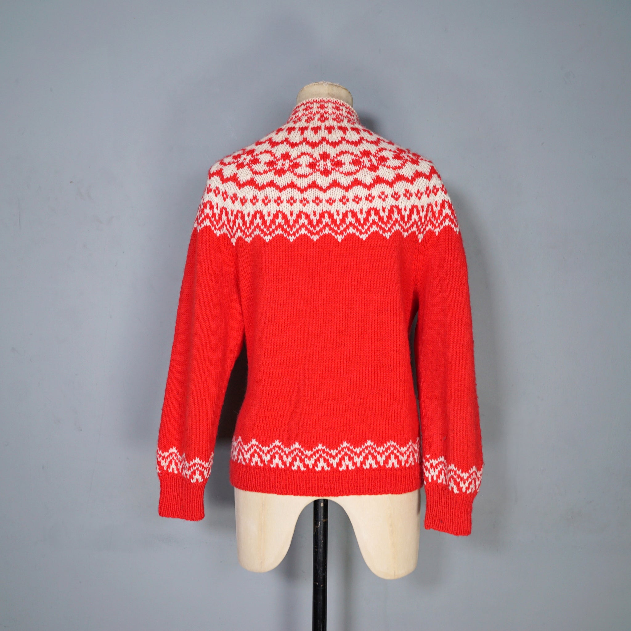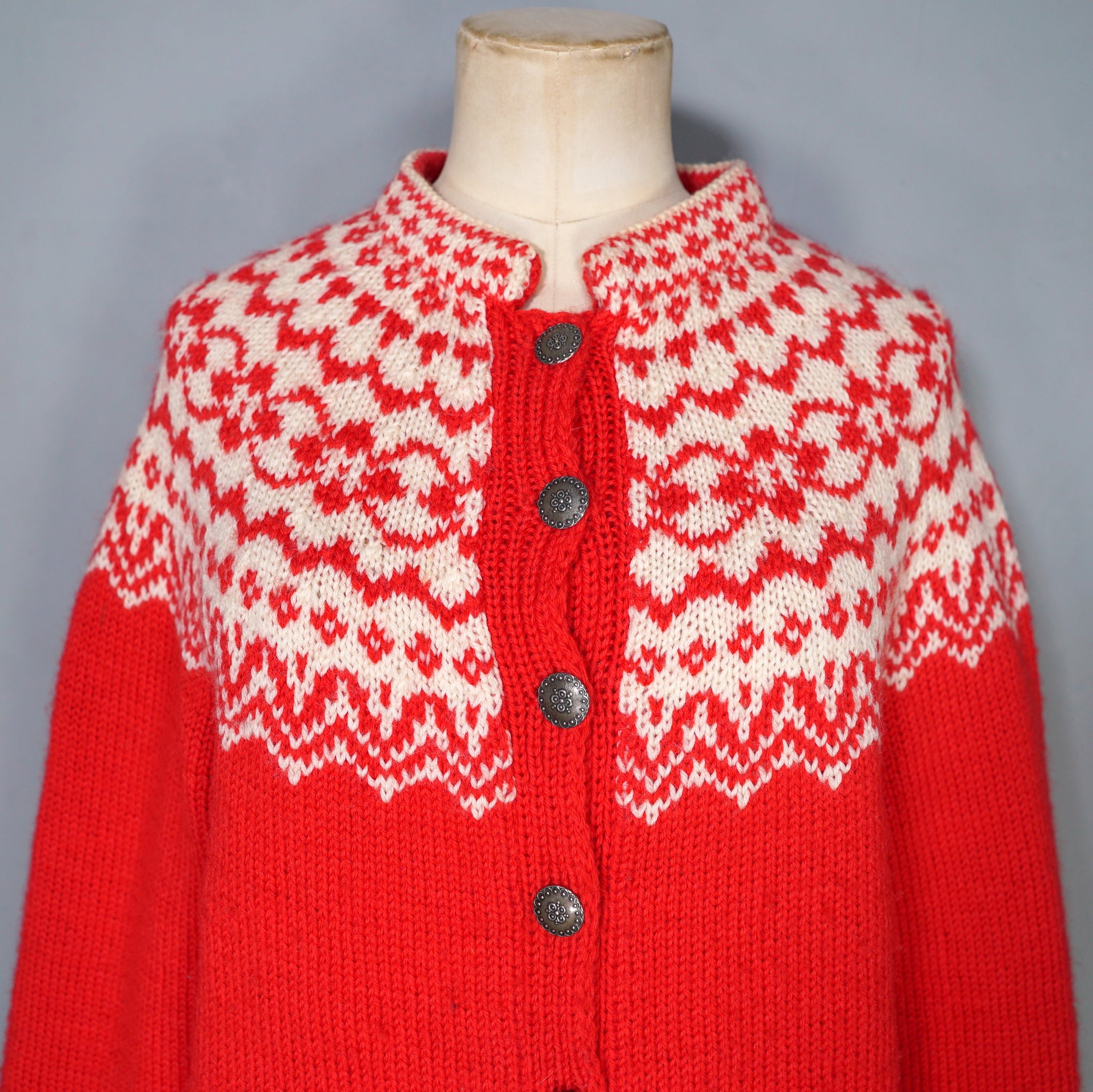 Beautiful handknitted Norwegian cardigan in bright red and white with a fairilse pattern around the neckline and a high collar. Long raglan sleeve. Ribbed waist. Front fastens with small metal embossed buttons. No labels. Would estimate 60s/70s era.
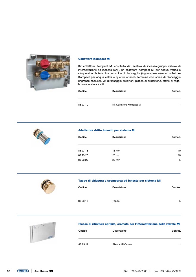intercettazione ad incasso (C/F), un collettore Kompact MI per acqua fredda a
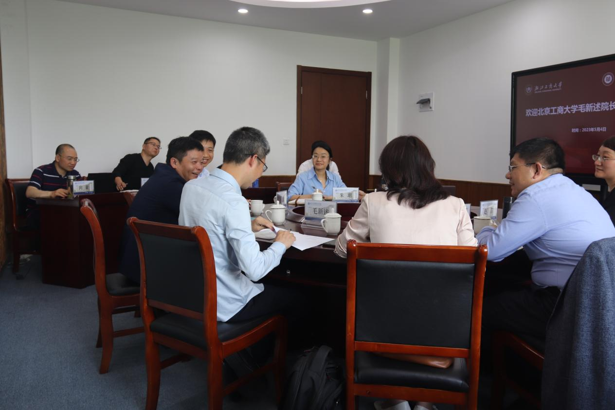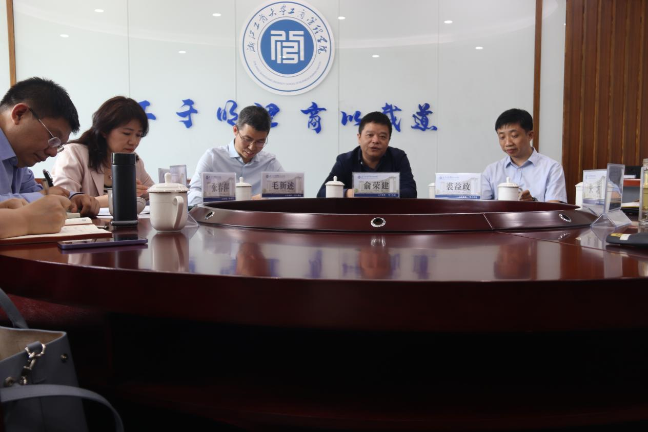 在浙江工商大学工商管理学院,党委书记孙元、院长俞荣建、副院长朱玥、岑杰和会计学院党委书记裘益政等参加了交流座谈,详细介绍了学院学科专业特色与博士点建设、党建与业务深度融合的情况、数字化转型的举措以及人才引进情况、学院研究中心的设置与科研推进等情况,双方就商科数字化转型、师资队伍建设、商科国际认证、专硕招生与研究生培养、校友工作的拓展等进行了深度交流。
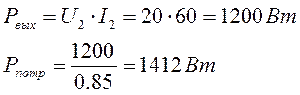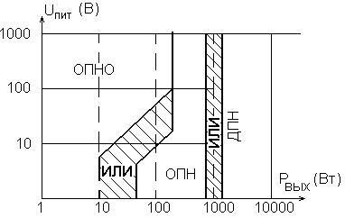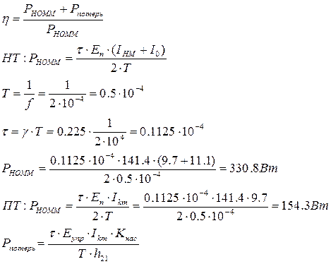 По рис. 5.1, зная выходную мощность Рвых=1200Вт и минимальное напряжение питания
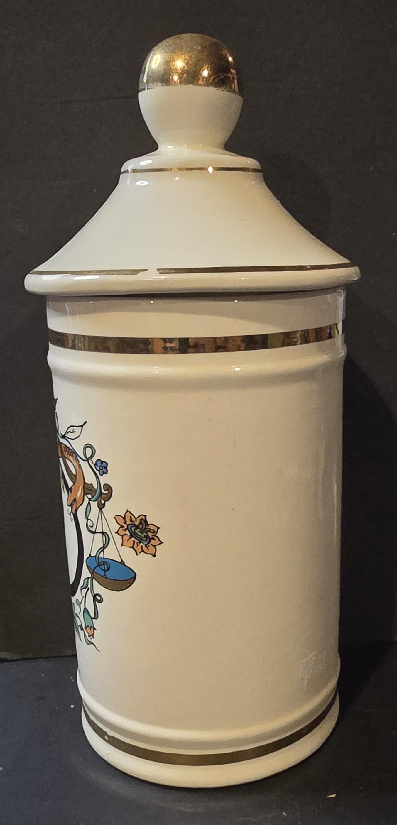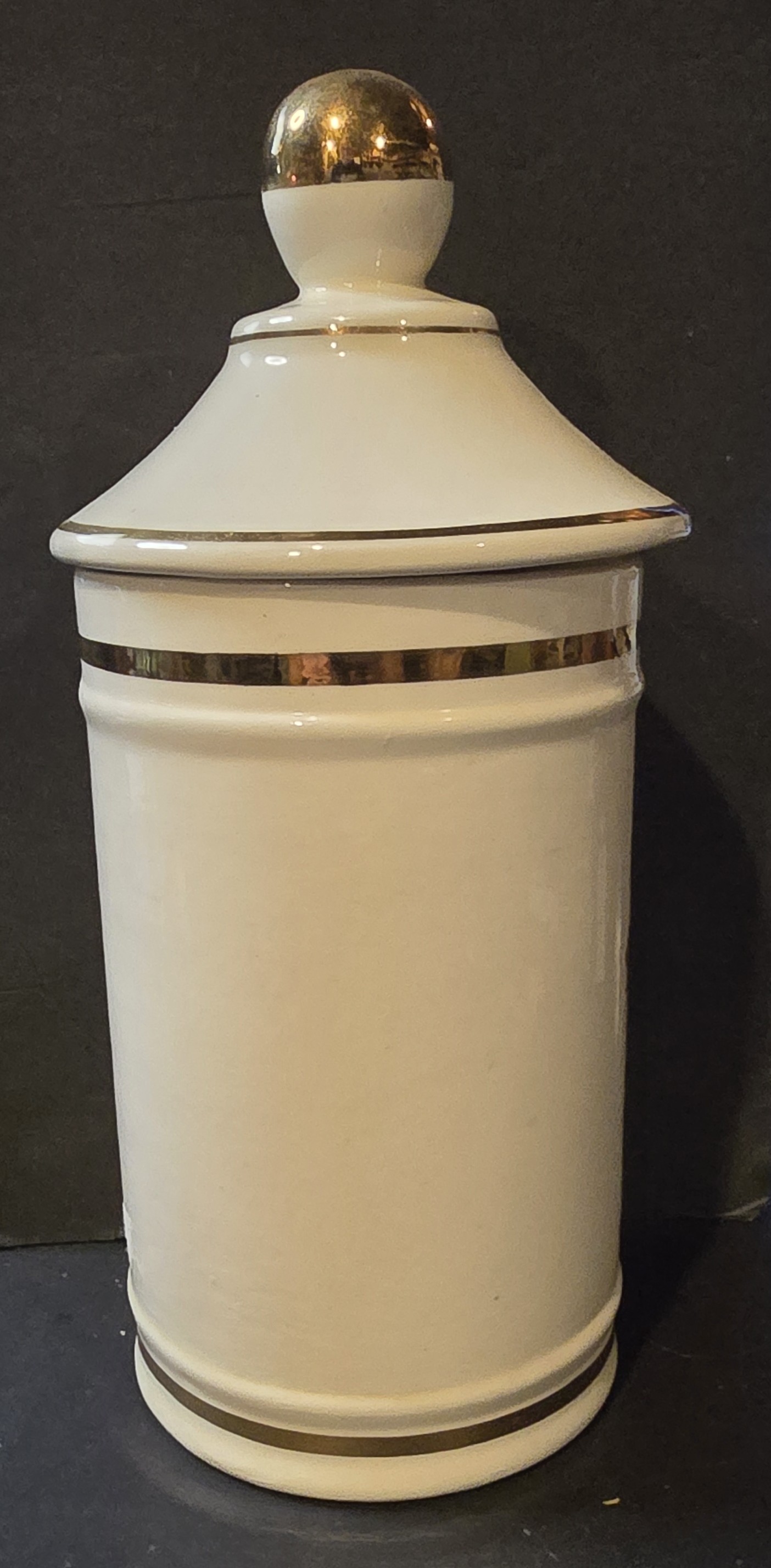 The jar features a cylindrical white-glazed body with an ornate polychrome cartouche, gilt accents, and a matching domed lid topped with a gilded finial. Decorative bands and classical pharmacy ornamentation reflect late 19th-century European apothecary aesthetics, where function and visual authority were inseparable.
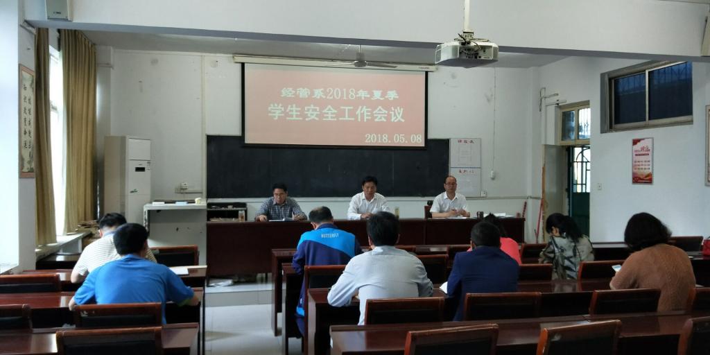 5月8日下午,经济贸易与管理系在1301会议室召开了2018年夏季员工安全工作会议,副主任李炎超主持会议,系主任兰涛、系党总支书记张改亮和全体辅导员参加了会议。
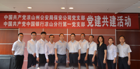 最后,中国共产党凉山州公安局保安公司党支部与中国共产党中国银行凉山分行第一分行就党建结对共建达成了共识,双方党支部书记在《党建结对共建协议书》上慎重的签下了自己的名字,并合影留念。

**Work instruction:** Leave the pictures out, and transcribe exactly the lines above starting at the one that contains "The jar features" and ending at the one that contains "5月8日下午,经济贸易与管理".

**Your response:**
 The jar features a cylindrical white-glazed body with an ornate polychrome cartouche, gilt accents, and a matching domed lid topped with a gilded finial. Decorative bands and classical pharmacy ornamentation reflect late 19th-century European apothecary aesthetics, where function and visual authority were inseparable.
 5月8日下午,经济贸易与管理系在1301会议室召开了2018年夏季员工安全工作会议,副主任李炎超主持会议,系主任兰涛、系党总支书记张改亮和全体辅导员参加了会议。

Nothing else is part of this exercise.